The difficulty isn’t just in calculating the best storage options upfront, but the idea of “permanence”: how likely, and for how long, a carbon sink will remain undisturbed (as opposed to being logged again, or dying of wildfire, or insect damage): https://theredddesk.org/markets-standards/design-features/permanence-reversals

Since you mentioned seaweed, ocean and wetland carbon sinks are together known as blue carbon:

Different species and carbon pathways have different levels of permanence:
https://royalsocietypublishing.org/doi/full/10.1098/rsbl.2018.0236

One group thinks kelp may offer good long-storage potential, basically by floating around until they sink into deep sea canyons and lie there undisturbed for a long time:
https://carboninstitute.org/kelp-and-carbon-sequestration-bringing-terrestrial-carbon-accounting-to-the-deep-sea/

I won’t be answering the OP question but a faster way of trapping carbon than growing anything is to grind/chop all our garden trimmings and uneaten food substances and dump them into the black swamp areas.

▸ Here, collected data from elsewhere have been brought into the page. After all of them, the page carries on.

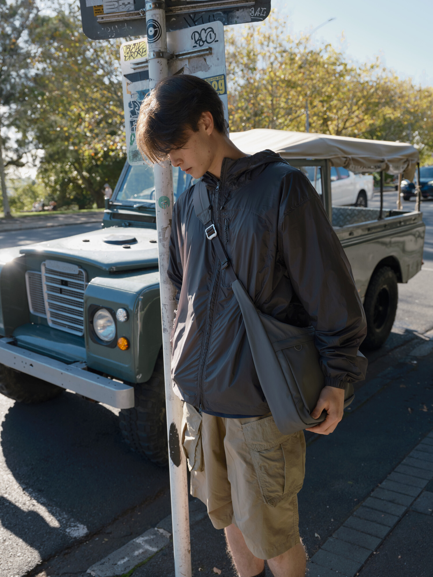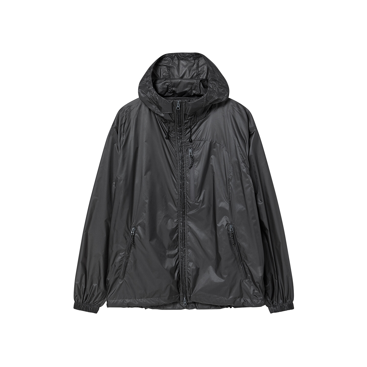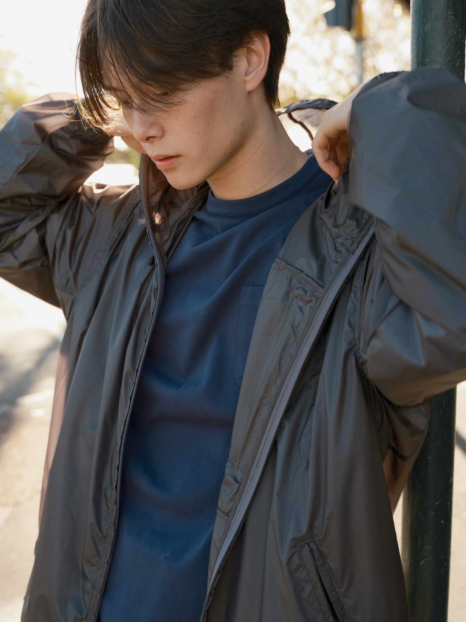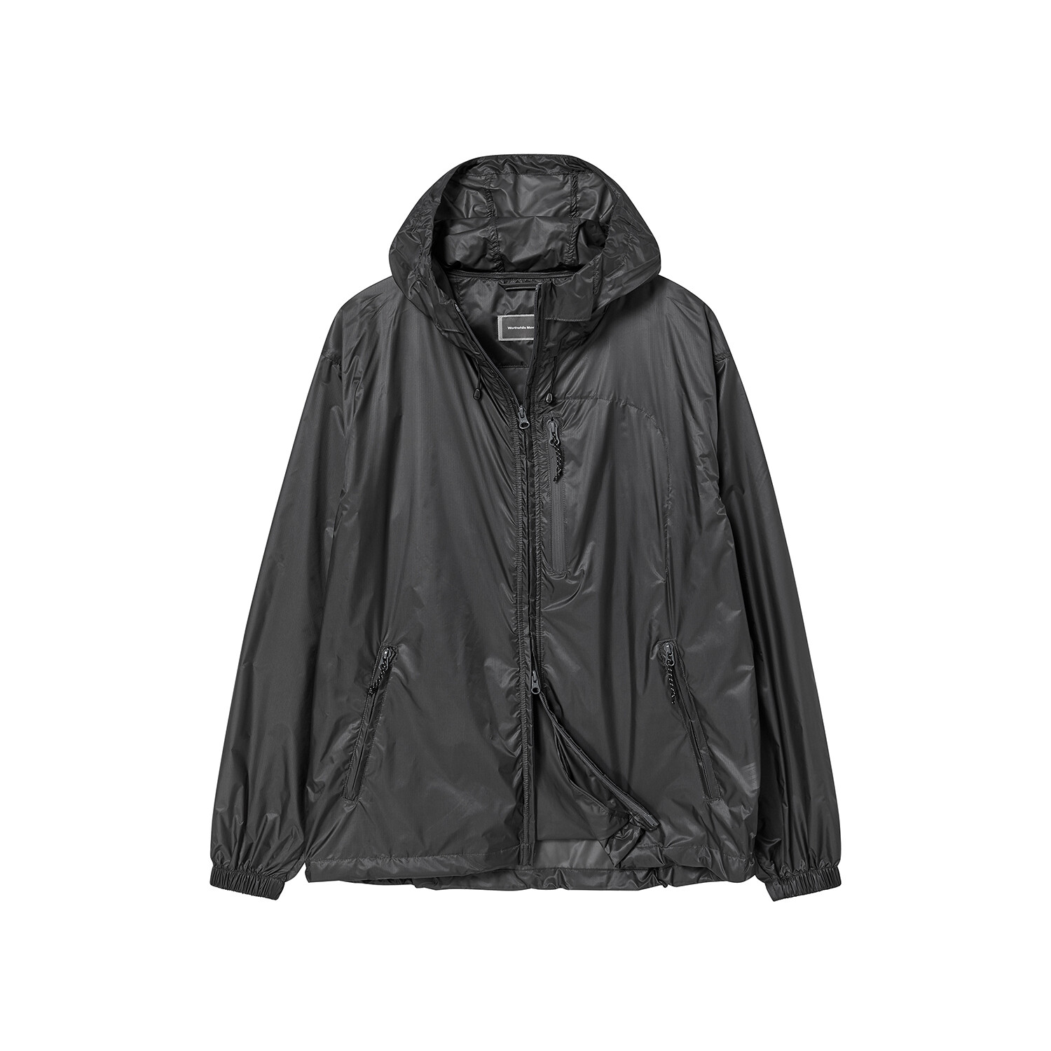 : 이 윈드브레이커는 초경량 소재와 뛰어난 기능성을 갖춘 제품으로, 다양한 환경에서도 최적의 퍼포먼스를 제공합니다. 530T Ripstop 나일론 원단에 멤브레인 코팅을 적용하였고 초경량(65g/yd²) 소재로 제작되어 가볍지만 내구성이 뛰어납니다. 이러한 장점들로 인해 일상생활 뿐 아니라 아웃도어 활동에서도 착용하시기 좋습니다. 통솔 봉제 방식으로 고급스러운 마감을 적용했으며, 암홀 거젯 디테일을 추가해 활동성을 높였습니다. 후드 사이즈 조절 기능 + 히든 스토퍼 & 바텍 디테일을 적용해 실용성을 극대화했고 투웨이 지퍼 적용으로 기능성을 향상시키는 동시에, 후면 패커블 기능을 통해 휴대성을 높였습니다. 본 제품은 방수, 방풍, 발수력에 큰 장점이 있지만 코팅된 원단이기 때문에 사용 환경에 따라 적절한 이너웨어와 함께 착용하는 것을 추천합니다.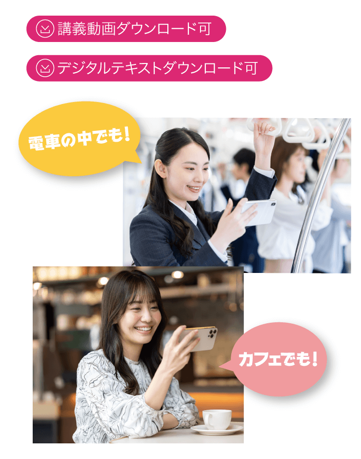 しかもこれらすべてがスマホで完結!場所や時間を選ばず、自分の都合にあわせて学習できます。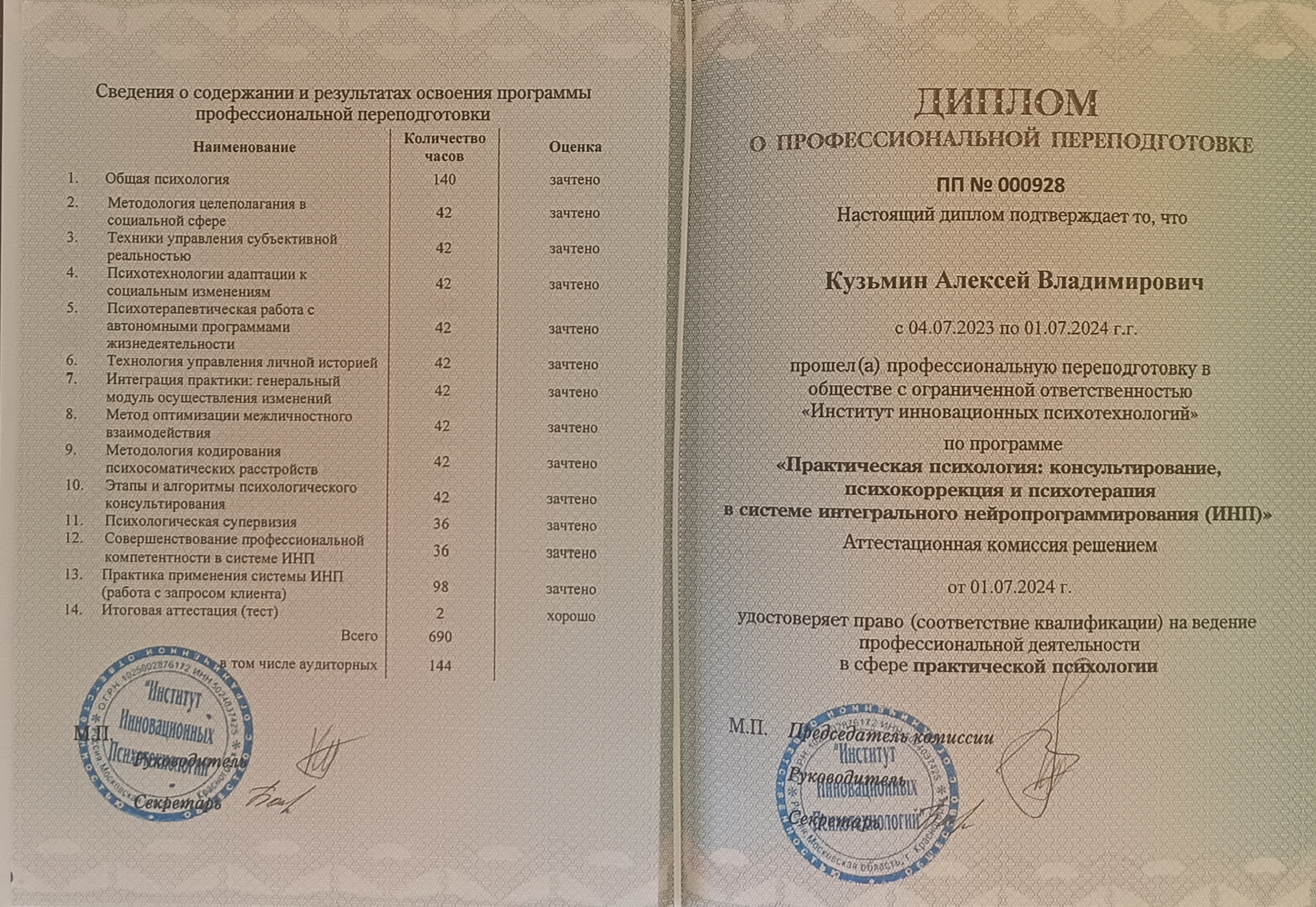 Здравствуйте ,меня зовут Алексей я практикующий психолог и консультант. Работаю по методу краткосрочной терапии.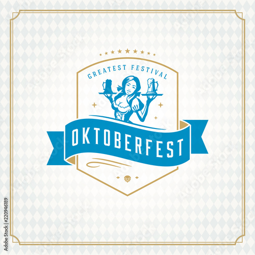 Sexy bavarian girl with beer mug and pretzel, vector illustration in paper art style. Oktoberfest, the worlds largest beer festival banner, poster template with red ribbon, wheat ears and hops.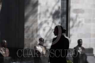 MÉXICO, D.F., 28ENERO2015.- Una elemento del Estado Mayor resguarda la seguridad del evento en donde el Jefe del Ejecutivo Enrique Peña Nieto encabezó la presentación del programa de prevención y atención de adicciones que se realizó en la secretaría de Salud. FOTO: MOISÉS PABLO /CUARTOSCURO.COM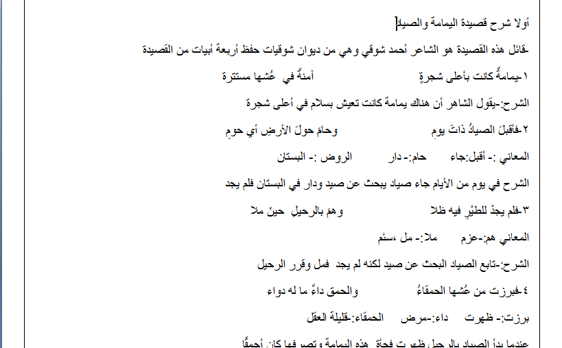 PDF شرح درس اليمامة والصياد لمادة اللغة العربية للصف الخامس الفصل الأول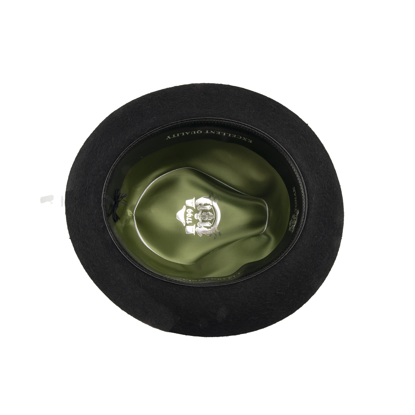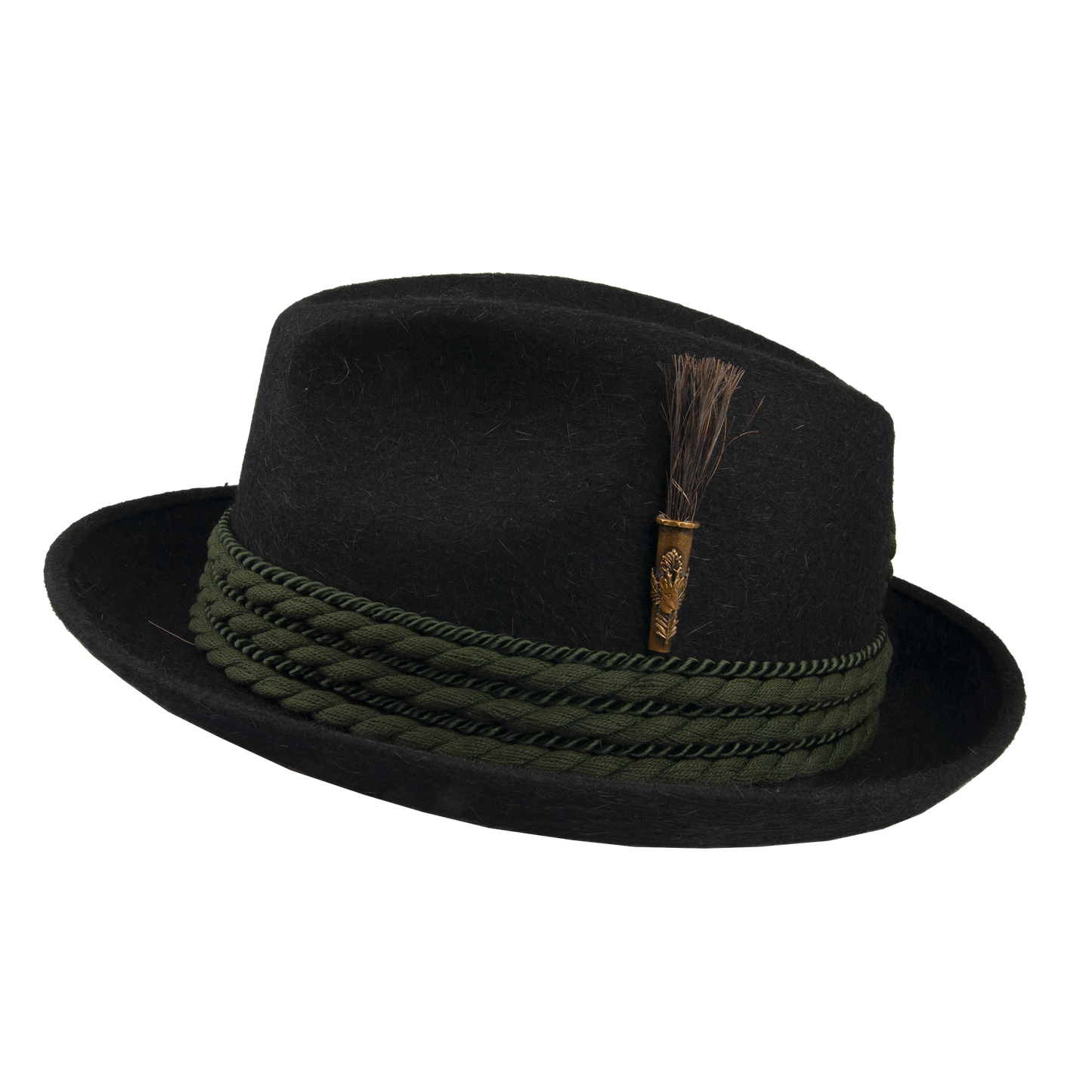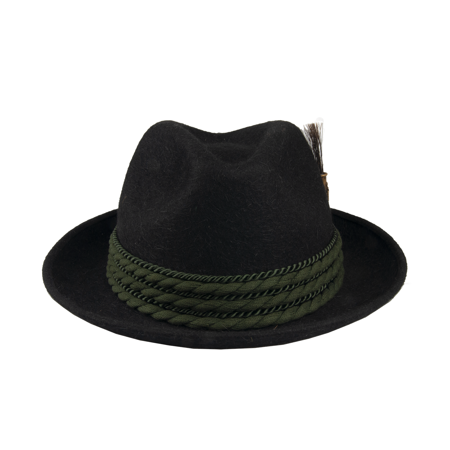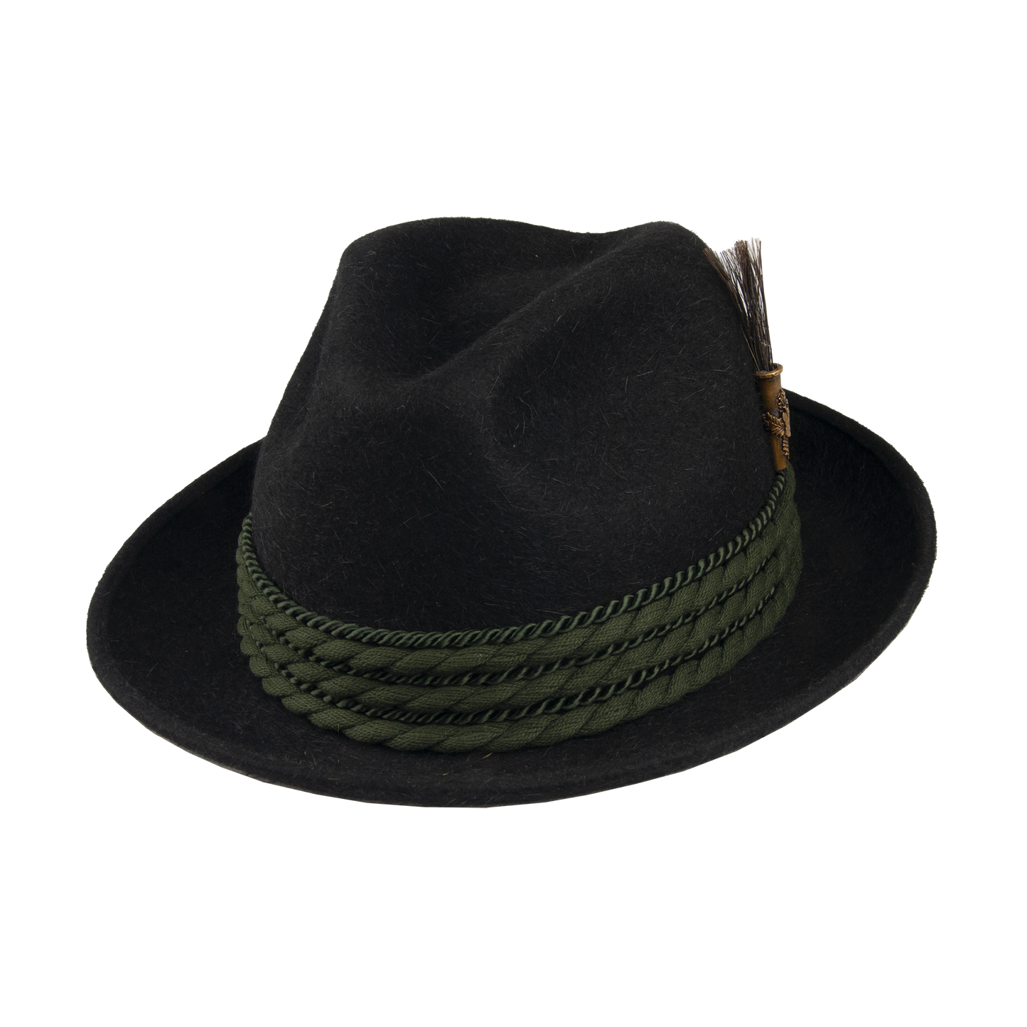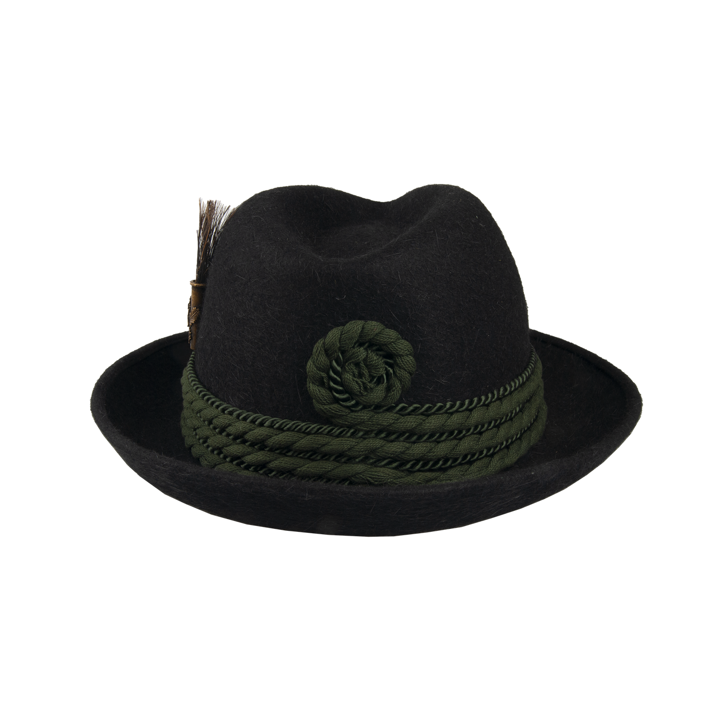 A traditional hunting hat with elegant embellishments including a thicker and thinner twisted cord jewelry and a bristle ornament that gives it a distinctive look. The leather sweatband and lining ensure comfort and durability during wear.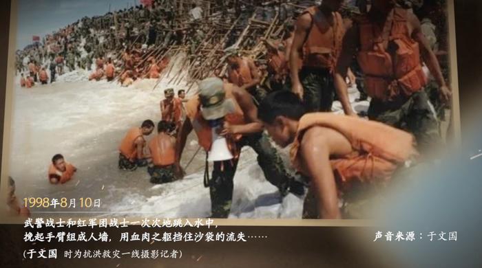 武警戰士和紅軍團戰士一次次地跳入水中挽起手臂組成人墻,用血肉之軀擋住沙袋的流失……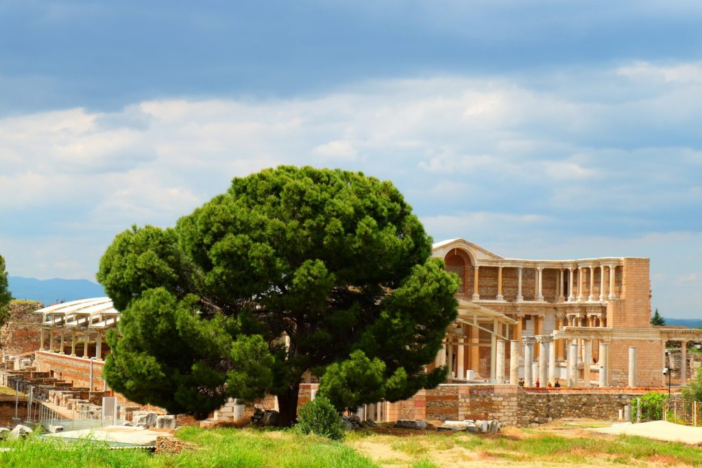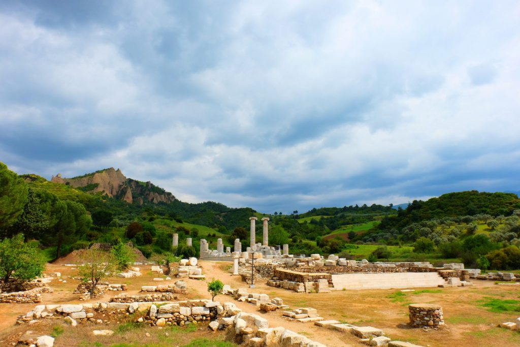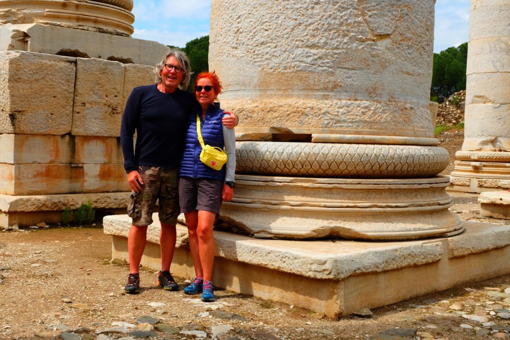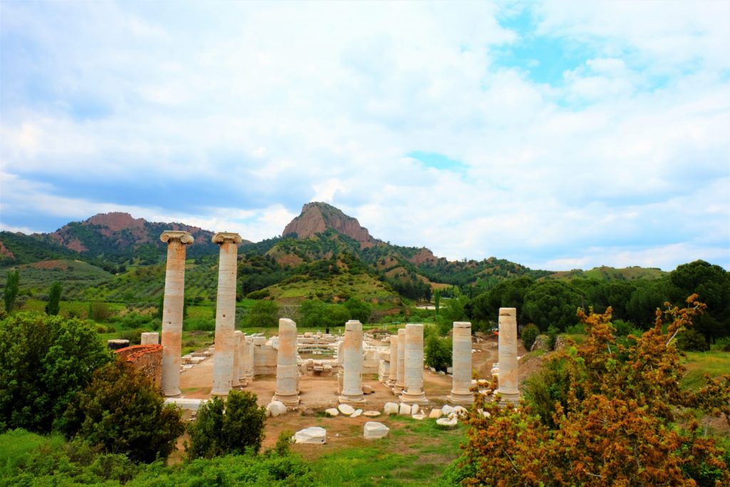 Es folgt eine Spritztour in die nähere Umgebung. Kurz darauf treffen wir auf einen Imker, der seine Bienenwaben überprüft. Mit gebührendem Sicherheitsabstand schauen wir ihm etwas bei seiner Arbeit zu. Weiter geht’s erneut zur Ausgrabungsstätte von Sardes mit Gymnasium und dem wunderbar in die Landschaft eingebetteten Artemis-Tempel.

This way you accelerate the formation of black muck which is carbon gel en route to becoming coal.

It takes a very long time to decompose. In fact, in the very long run, one might expect a fair portion of it to become coal (which we may then elect NOT to use as a combustible fuel).

:dubious:

Let’s assume a mature tree is 20 feet across, which means it covers 314 ft[sup]2[/sup] of ground. A trillion such trees would cover 314,000,000,000,000 ft[sup]2[/sup] of ground. That’s 11.3 million square miles.

The total land area of the earth is 57.3 million square miles. 33% of that is desert, 10% is Antarctica, 8% is arctic tundra, and 37% is already being used for agriculture.

That leaves about 6.9 million square miles of land, a good bit of which is probably not conducive to a thriving arboretum because of human development or other conditions.

Do you see a problem here?

One shot in the dark would be a biofuel producing algae. Great if we can figure it out on a commercial level. It wouldn’t be so much as a carbon sink, but more like a way of getting off of fossil fuels, thus not adding more.

https://www.wthr.com/article/best-way-fight-climate-change-plant-1-trillion-trees

Apparently there is free land to do so.

Yeah, scientists have been working on this for years.

The best method by far is to switch over to carbon neutral energy. But if we’ve already put too much CO2 out there we can use carbon sinks until we transition to a carbon neutral economy, or we can use them to reduce the amount of greenhouse gases to prevent the worst temperature increases.

Its not a permanent solution, but it’ll buy time until we find better solutions.

If we can use vegetation as a carbon sink while we transition to cheaper forms of renewable energy, that is good. In a hundred years the trees may be cut down, and hopefully they’ll have better solutions by then.

Hey! I’m doing my part! I plant trees by the butt-load. But its hard to get stuff to grow where I live.

No problem! Just burn it! :stuck_out_tongue:

We just need to figure out how to make rockets out of wood and shoot them into space.

At a high level, this seems like a solution that would make a material difference. Is anyone/any country actually working on this?

Actually, most wood decomposes in under 100 years, and the CO2 is returned to the atmosphere.

That’s what sounds intuitive to me. Maybe a genetically engineered kelp that forms large carbonate nodules that drop to the bottom of the sea. Or some kind of insanely fast-growing coral.

I guess first we need to figure out how to de-acidify the ocean though. How do we do that?

Reforestation /less desertification has its ownpositive climate change effects. Not just sinking the carbon into the ground.
Ethiopia

Youtube reforestation search
Brazil, Tasmania,Australia, Senegal, and China has many greening and reforestation projects.